Leaking the memory for the duration of DML may be worth the time spent
in the traversing
the list and freeing each cell independently. So removed the hunk in the
attached set.

0002 review
+
+     <row>
+      <entry><structfield>inhchildparted</structfield></entry>
+      <entry><type>bool</type></entry>
+      <entry></entry>
+      <entry>
+       This is <literal>true</> if the child table is a partitioned table,
+       <literal>false</> otherwise
+      </entry>
+     </row>
In the catalogs we are using full "partitioned" e.g. pg_partitioned_table. May
be we should name the column as "inhchildpartitioned".

+#define OID_CMP(o1, o2) \
+       ((o1) < (o2) ? -1 : ((o1) > (o2) ? 1 : 0));
Instead of duplicating the logic in this macro and oid_cmp(), we may want to
call this macro in oid_cmp()? Or simply call oid_cmp() from inhchildinfo_cmp()
passing pointers to the OIDs; a pointer indirection would be costly, but still
maintainable.

+   if (num_partitioned_children)
+       *num_partitioned_children = my_num_partitioned_children;
+
Instead of this conditional, why not to make every caller pass a pointer to
integer. The callers will just ignore the value if they don't want it. If we do
this change, we can get rid of my_num_partitioned_children variable and
directly update the passed in pointer variable.

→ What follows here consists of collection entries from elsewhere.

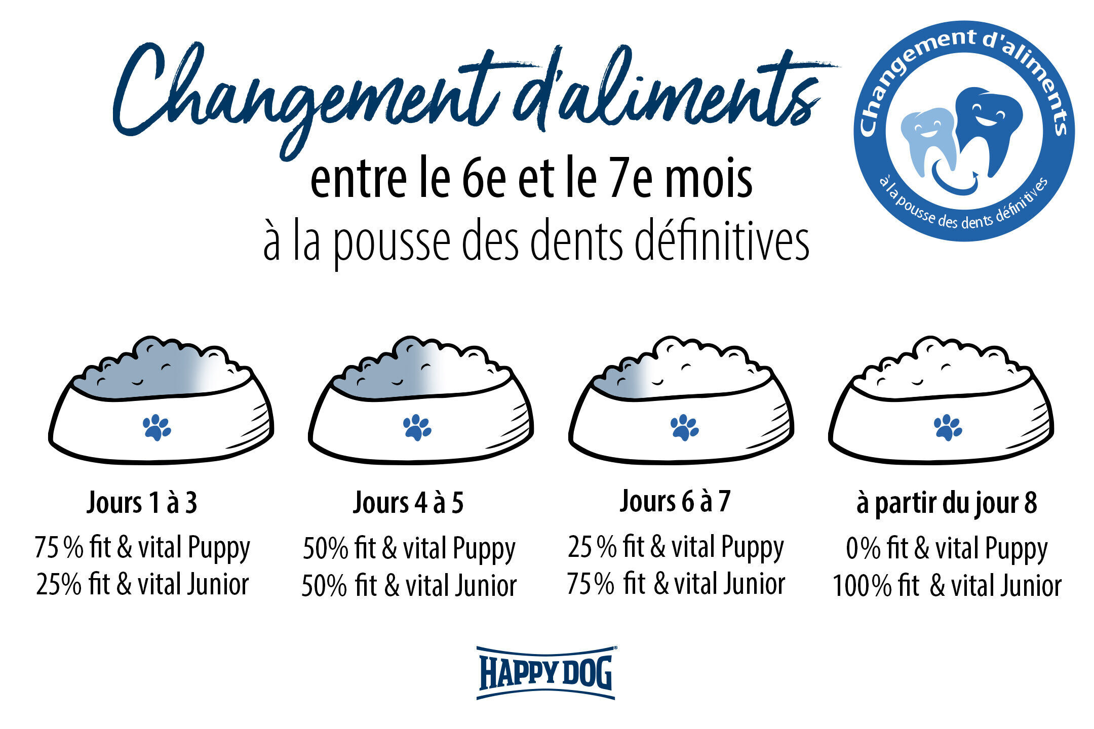 À partir de la 27ème semaine, passez progressivement à une nourriture pour chiens Junior, comme Happy Dog fit & vital Junior.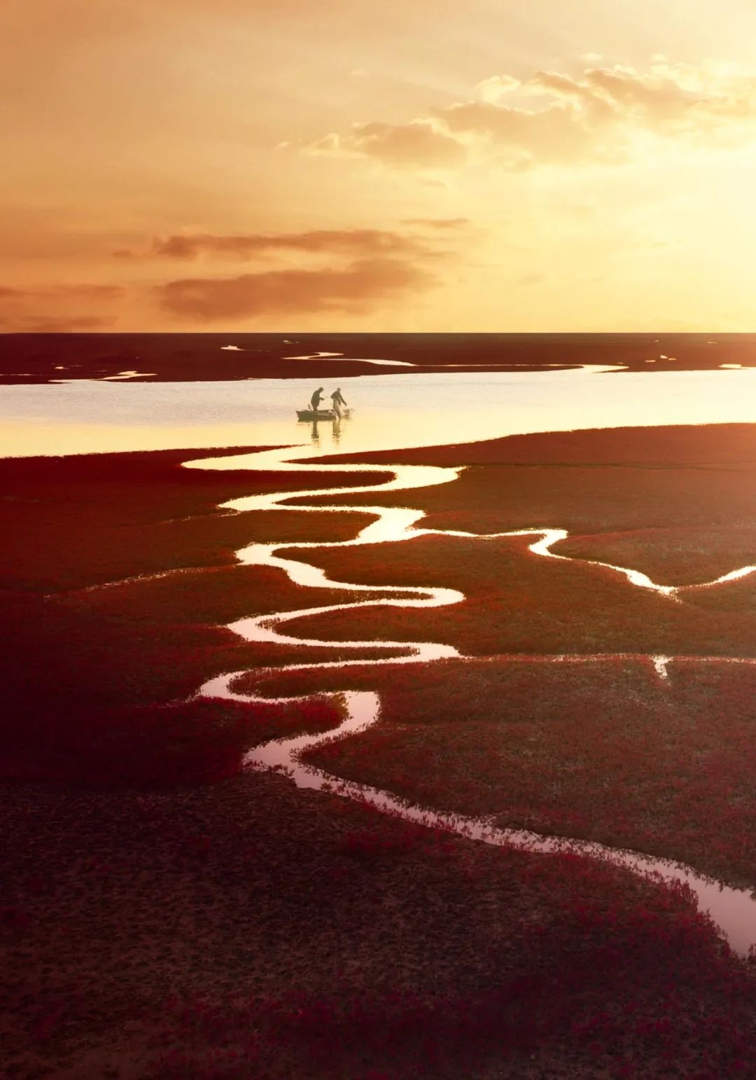 湖边草甸华丽变身为连片抢眼的红草滩,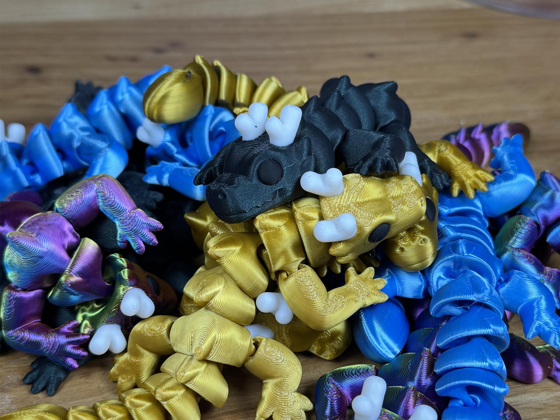 Each Zou Dragon is 3D printed with care using high-quality PLA filament and designed with fully articulating joints, making it fun to pose, display, or fidget with. Whether perched on your shelf, curled up on your desk, or gifted to a fellow fantasy lover, this unique dragon is sure to become a beloved companion.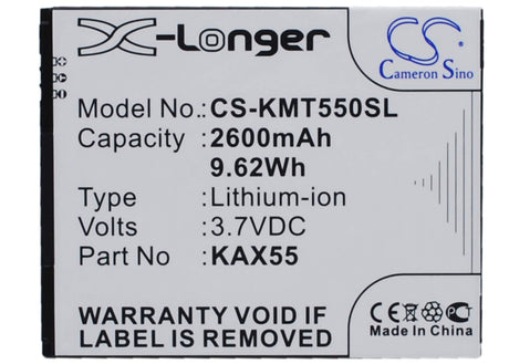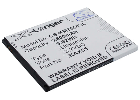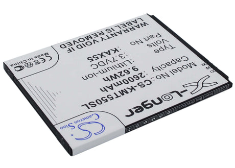 3.7V, Li-ion, 2600mAh, SmartPhone battery fits Kazam, Kax55, Trooper X5.5, 9.62Wh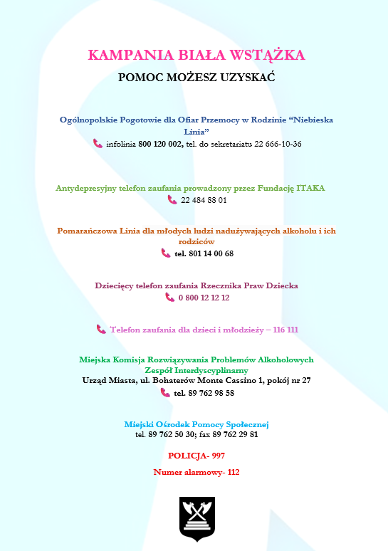 25 listopada br. rozpoczęła się kampania „Biała Wstążka”. To największa międzynarodowa kampania społeczna mająca na celu zwalczanie przemocy wobec kobiet.

        inhrelid = ((Form_pg_inherits) GETSTRUCT(inheritsTuple))->inhrelid;
-       if (numoids >= maxoids)
+       is_partitioned = ((Form_pg_inherits)
+                               GETSTRUCT(inheritsTuple))->inhchildparted;
Now that we are fetching two members from Form_pg_inherits structure, may be we
should use a local variable
Form_pg_inherits inherits_tuple = GETSTRUCT(inheritsTuple);
and use that to fetch its members.

I am still reviewing changes in this patch.

-- 
Best Wishes,
Ashutosh Bapat
EnterpriseDB Corporation
The Postgres Database Company
From e9ad9f947d6d553ce8ec29feb8560dff48f166b6 Mon Sep 17 00:00:00 2001
From: amit <amitlangot...@gmail.com>
Date: Wed, 16 Aug 2017 11:36:14 +0900
Subject: [PATCH 1/3] Relieve RelationGetPartitionDispatchInfo() of doing any
 locking

Anyone who wants to call RelationGetPartitionDispatchInfo() must first
acquire locks using find_all_inheritors.

Doing it this way gets rid of the possibility of a deadlock when partitions
are concurrently locked, because RelationGetPartitionDispatchInfo would lock
the partitions in one order and find_all_inheritors would in another.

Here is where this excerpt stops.